# Sage PF depth



## gareth2j (Aug 30, 2014)

Not sure if i should be posting this here or in the grinder forum. Having not much experience with other brands of espresso machines, can someone out there confirm if the depth of the Portafilter provided by Sage for the Dual Boiler machine is shallower than those provided by other brands (Expobar, Rocket, etc)?

The reason for my question is that I also purchased the Baratza Forte AP grinder and you can adjust the height of the PF holder to ensure that it holds the PF securely and level. The issue I'm having is that for the portafilter supplied with the sage I need to raise the supporting arms of the Grinder's PF holder so much that I can no longer fit the PF holder into the grinder (difficult to explain so i have posted a picture below - the bottom right image shows how the protruding metal bit from the PH holder legs protrudes too high preventing the PF holder from being inserted into the grinder - essentially the tup of the adjustable legs should be flush with the top of the PF holder so by my reckoning i need a portafilter that is about 75mm deeper than the one i have).









It leaves me with a few options as as see if but am open to any other suggestions if they are out there:


Use the grinder collection bind that comes with the grinder (kind of defeating the purpose of having a PF holder)

Saw off the protruding metal bit at the top of the PF Holders leg so I can fit the PH holder into the grinder

Locate a deeper Portafilter that is compatible with the sage dual boiler (not sure if a compatible alternative exists?)

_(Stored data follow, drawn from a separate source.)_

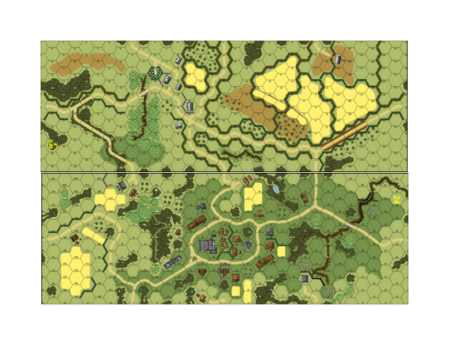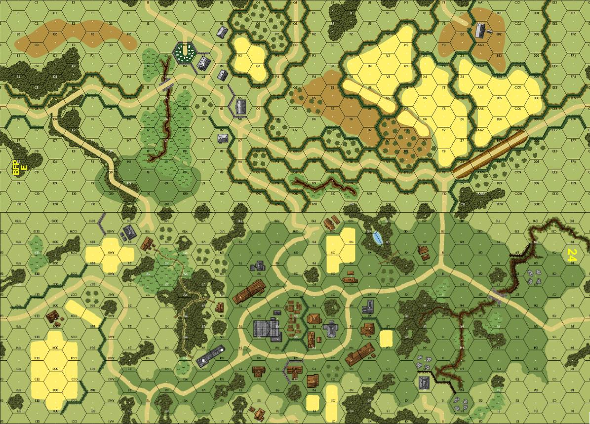 | Misc Rules: | Building 24U4 is two-story house. 10 Shellholes placed; costs AFVs 3MP+COT to enter |
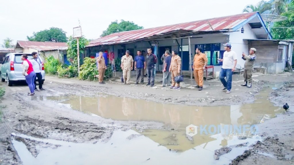 Wakil Bupati Karo Theopilus Ginting meninjau langsung kerusakan jalan yang merupakan akses jalan utama penghubung antara Desa Limang-Desa Kuta Gerat. (Foto: Diskominfo)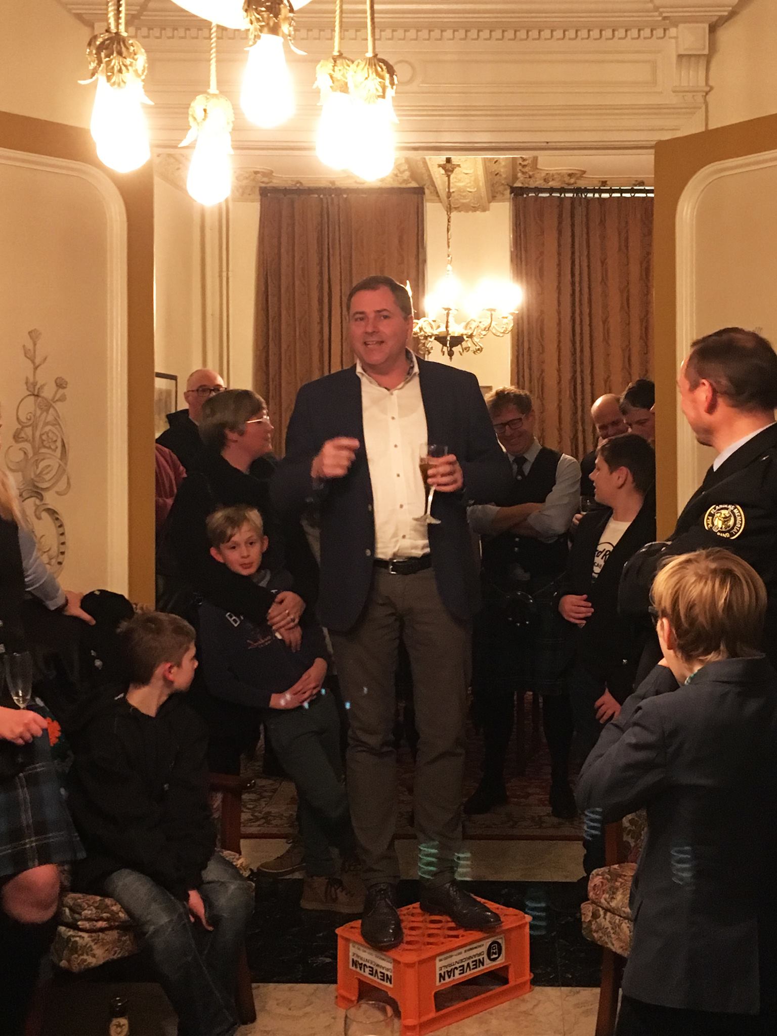 We openden 2019 met de traditionele Nieuwjaarsreceptie. Dit jaar in een speciale setting, het Poperingse museum Talbot House - Every man's club (ontspanningsoord voor Engelse soldaten in WOI). Met een hapje & drankje, een woordje van voorzitter Dries & Burgemeester van Poperinge Christof Dejaegher werd het FMPB jaar alvast goed ingezet! Met de uitreiking van de ‘Flandrien van het Jaar’ & de Gold & Silver Chanter & Sticks voor de spelers met het meest aantal optredens, door Pipe Major Ben, werden 5 van onze leden in de kijker gezet.

Any info/suggestions anyone can provide would be most appreciated

Thanks


----------



## Bolta (May 11, 2014)

I have a Baratza Vario with the Forte portafilter holder and I use the Sage (Breville DB) portafilter. The distance from the bottom of the forks to the top of the U bend is 60mm on my unit. No problem fitting the portafilter, with a few mm to spare under the back of the holder.


----------



## gareth2j (Aug 30, 2014)

Thanks for the response Bolta,

I too seem to have 60mm between the U-Bend and the bottom of the forks but the portafilter doesn't fit in correctly. In the image below i have put the forks as high as they can go whilst still fitting in the grinder, but as you can see - when I align the PF with the small latch as the bottom of the metal funnel on the Portaholder (shown on the second image) there is about a 75mm gap to the forks. If I rest it on the forks I have a gap to the metal funnel (in this case the grinds don't hit the PF in the centre and the bit gap means they are more prone to missing the PF as the pile gets higher).

I do find it very odd - I would have thought that the Sage DB portafilter was a within a standard size limit and Barazta would have worked to a general range of PF depths.









I have sent an email to the seller (coffee hit) to ask if I am doing something wrong as the grinder is not as useful to me if I end up with grinds missing the PF.


----------



## Bolta (May 11, 2014)




----------



## gareth2j (Aug 30, 2014)

How bizzare, I'm going to re-measure the forks again as it definitely looks like yours sits way closer to the metal funnel than mine. The PFs look a similar size (I was initially wondering if breville and sage had chosen different PFs but they look the same).

Thanks for taking the time to take the picture.


----------



## gareth2j (Aug 30, 2014)

Just to close this out, the situation is now resolved. The guys at Coffehit and Baratza were super helpful. It turns out the forks that came with my portaholder were 9mm to long. Coffehit got a new set of forks out to me and they fit perfectly.

happy days. Thanks for your help Bolta.


----------